The system is hooked in the following way: blu ray player - Yamaha RX-V765 (from the Pre-out plugs) - Behringer DEQ 2496 - AERON A7.

The Behringer is receiving the signals from the main input as I can cleary see the meeters moving according to the music but nothing is coming out the speakers.
I'm sure that I messed up with some parameters that are "muting" the output plugs of my behringer.

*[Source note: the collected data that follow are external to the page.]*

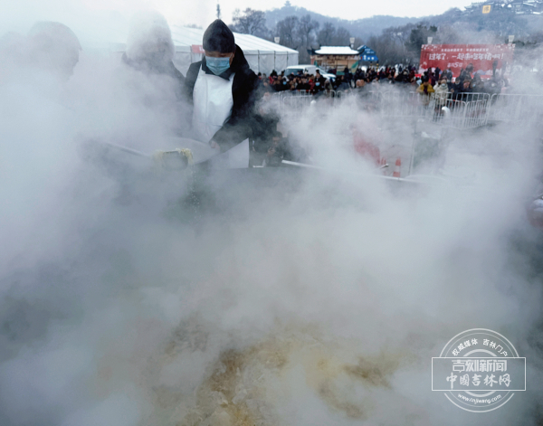 “这一锅食材大约有1吨,里面放了200多斤黑猪肉。”来自吉林市老字号新兴园的杨师傅一边翻动大勺,一边对记者说:“我们从早上8点开始煮,足足炖了3个多小时,让大家一会都能吃到地道的、热乎乎的吉林年猪烩菜!”
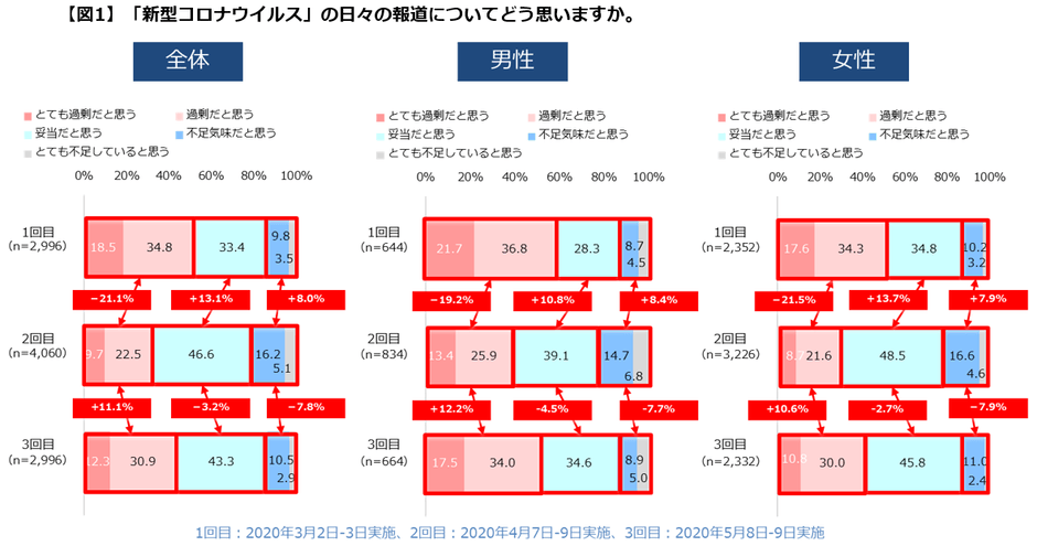 1:新型コロナウイルスの日々の報道について「過剰だと思う」が男女ともに増加。(図1)
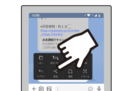 - お友達追加後、トークルームに流れてくるキャンペーンのメッセージを長押ししてください。
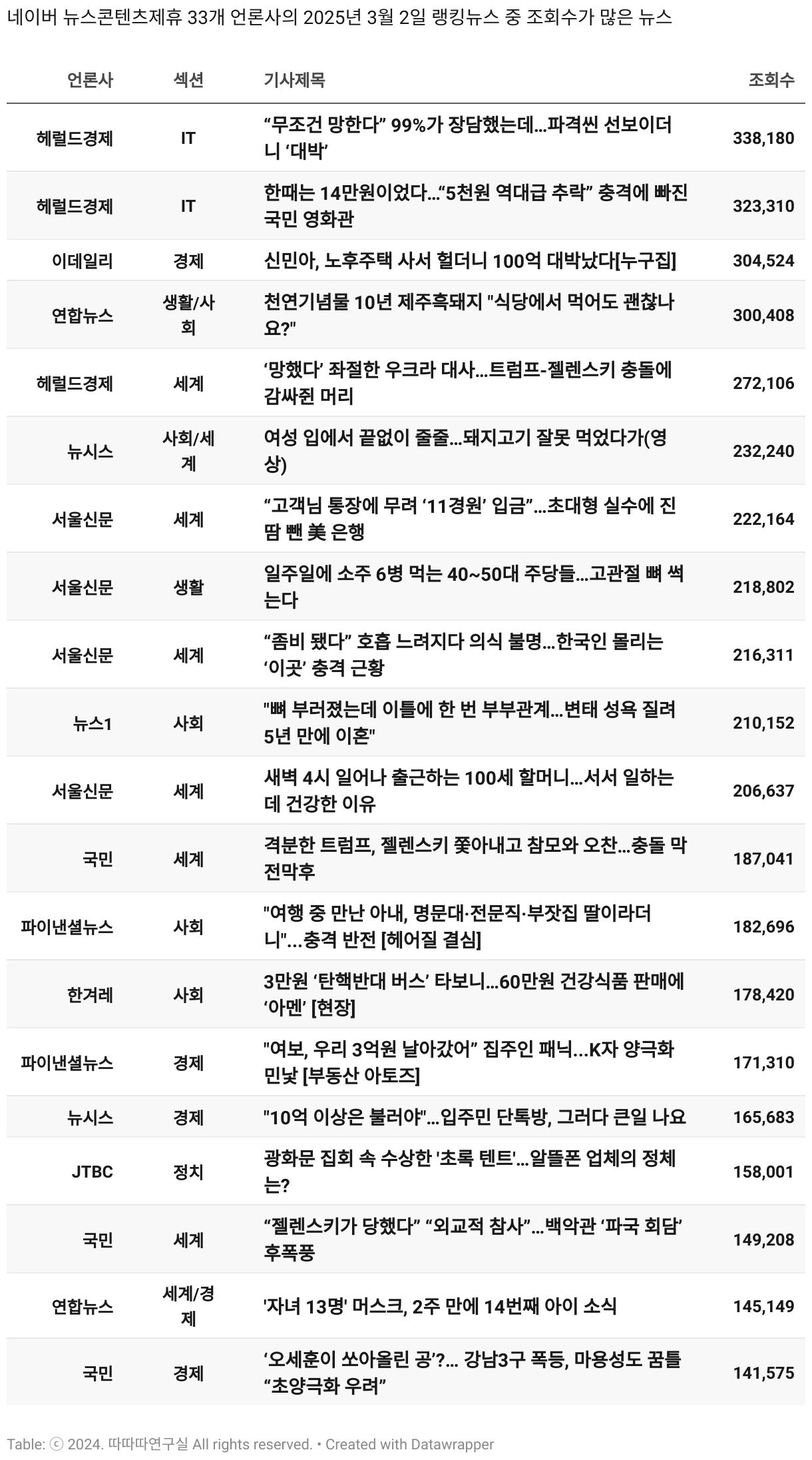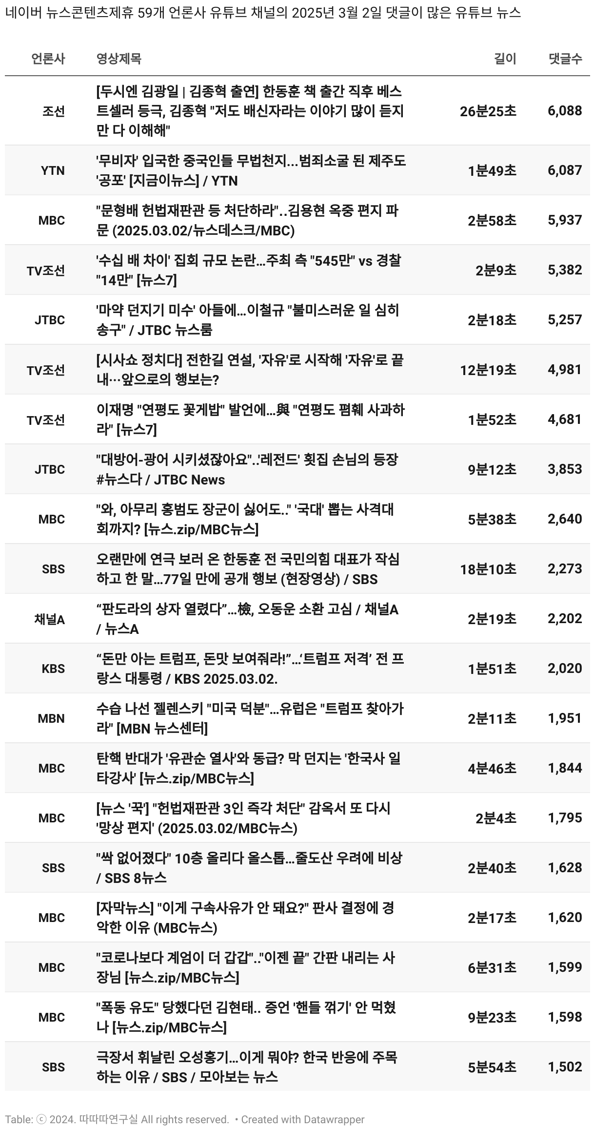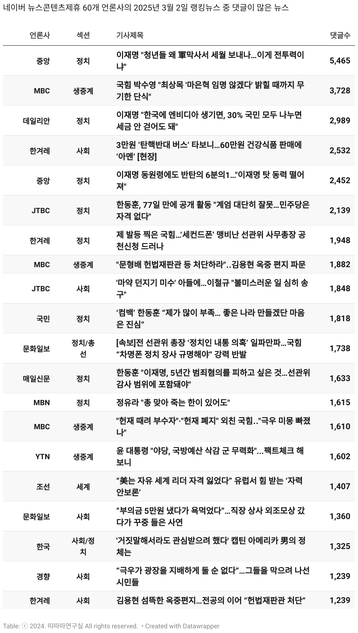 2025년 03월 05일 읽는데 112분 걸림 일간분석 일간 흥한 뉴스 - 3월 2일 일요일 네이버와 유튜브 뉴스 데이터로 매일매일 흥한 뉴스를 확인해보세요! 댓글수 조회수 좋아요 댓글수 조회수 좋아요 따따따연구실의 멤버가 되어주세요! 새로운 미디어 분석 소식을 업데이트 해 드립니다. 회원가입 Email sent! Check your inbox to complete your signup.
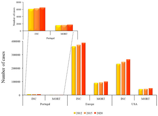 BC incidence and mortality rates in Portugal, Europe and USA from 2012, 2015 and expected rates for 2020. Data available at IARC. Legend: INC: incidence; MORT: mortality.
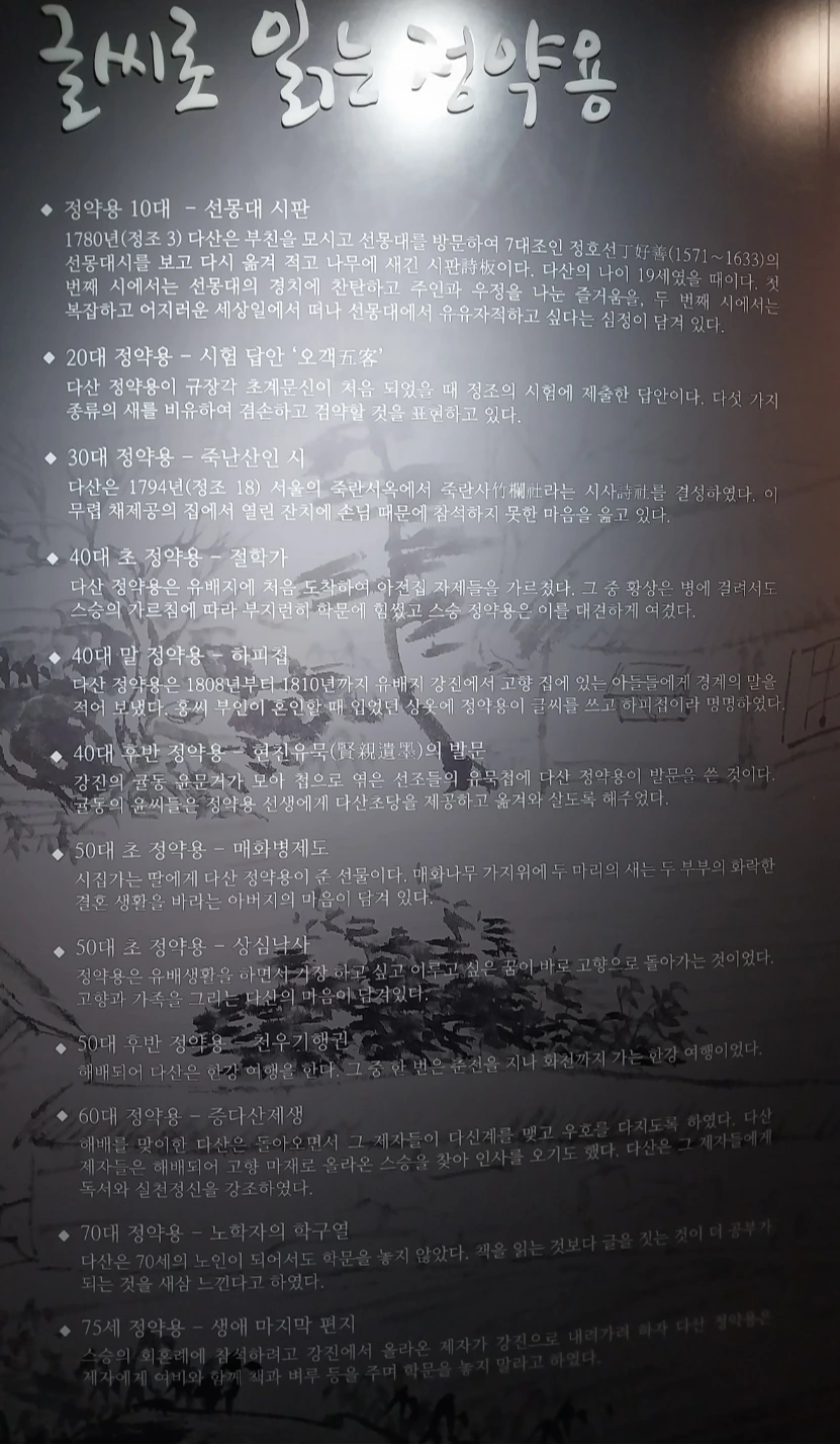 대학에서 조선시대 사상사 수업을 들으며 실학자들에 관심을 갖게 되었고 당연히 정약용도 그중 한 명이었다. 정민교수의 정약용의 공부법을 다룬 책은 여전히 내 책장에 꽂혀 있고 그가 나고 자란 남양주의 정약용유적지에도 그가 귀양살이를 했던 다산초당이 있는 강진에도 몇 차례 가볼 정도로 좋아하는 인물이라 그와 관련한 작업이 반가웠기에 흔쾌히 기획으로 합류했다.

I would really appreciate any help.

Luigi
ITALY


----------



## Wayne A. Pflughaupt (Apr 13, 2006)

Never used one of these, but I’d suggest checking the I/O menu of the Utility Menu. See P. 13 of the manual.

Regards,
Wayne


----------



## gigone (Jul 17, 2010)

I've tried to fiddle with that menu but with no luck.
The thing that is most astonishing is the fact that even with the unity turned off the speakers are not working.... :-?


----------



## cast55 (Dec 30, 2010)

If you think you have screwed up the settings, you can restore the original factory data as follows:

1) press [memory]
2) rotate the big knob until item 0 - initial data is displayed
3) press * (recall preset)
4) press  (OK)
5) press [I/O]
6) on I/O page 1, make sure that the input corresponds to the input you are using
7) on I/O page 2, make sure that the output corresponds to the output you are using

-Sean*


----------